Posted by Randy Barnett:
Originalism and Brown:  
http://volokh.com/archives/archive_2005_05_08-2005_05_14.shtml#1115921115


   Perhaps the most powerful objection to adopting an original meaning
   approach to constitutional interpretation is that such an approach
   would be inconsistent with the result in Brown v. Board of Education.
   For most, regardless of ideology, any theory of interpretation that
   does not get Brown correct, is unacceptable, almost by definition. The
   perception that Brown is inconsistent with originalism is nurtured by
   Brown itself, in which Chief Justice Warren stated that the evidence
   of whether originalism supported the outcome was inconclusive. This
   came after the Court held the case over for further briefing on the
   historical question.
   Some originalists deal with the problem of Brown by invoking
   precedent.
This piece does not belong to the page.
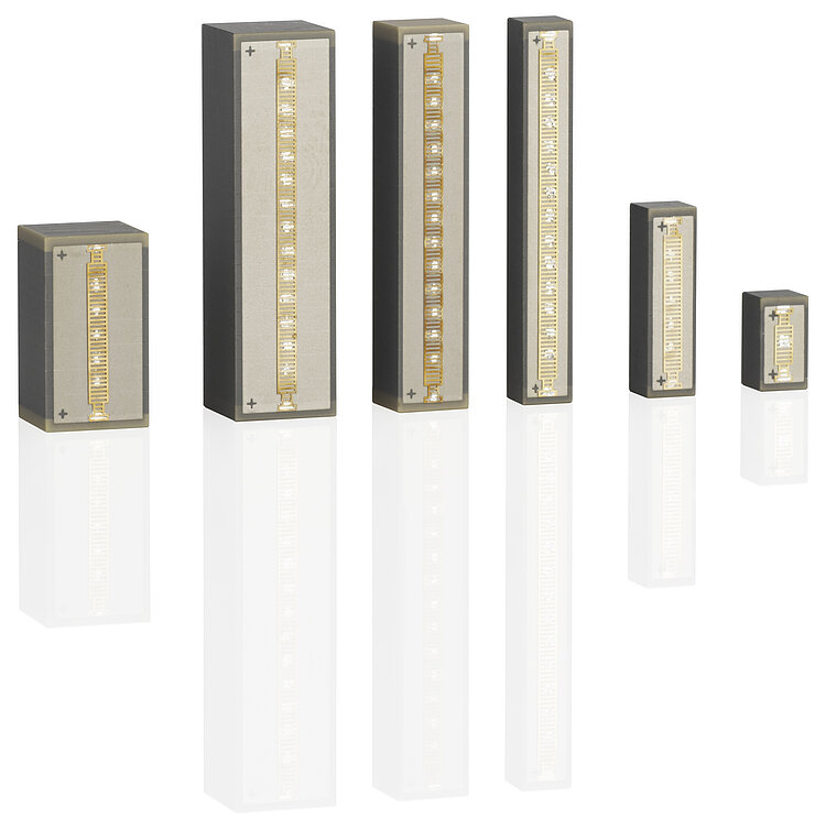 Operating voltage -20 to 120 V. Ceramic insulation, polymer-free. Insensitive to humidity. Excellent temperature stability. UHV-compatible to 10-9 hPa, no outgassing, high bakeout temperature. Ideal for dynamic operation. Flexible thanks to numerous designs. Encapsulated versions for operation in splash water or oil.

Other originalists who, like me, are generally skeptical of
   precedent (see my essay on originalism and precedent [1]here), cannot
   go that route (though our approach to originalism would not have any
   awkwardness rejecting the precedent of Plessy).
   Most scholars today know of Michael McConnell's work on school
   desegregation and originalism, though it seems not to have made much
   of a dent in the criticism. A concise summary of the originalist
   response to this repeated charge (including that by Judge McConnell)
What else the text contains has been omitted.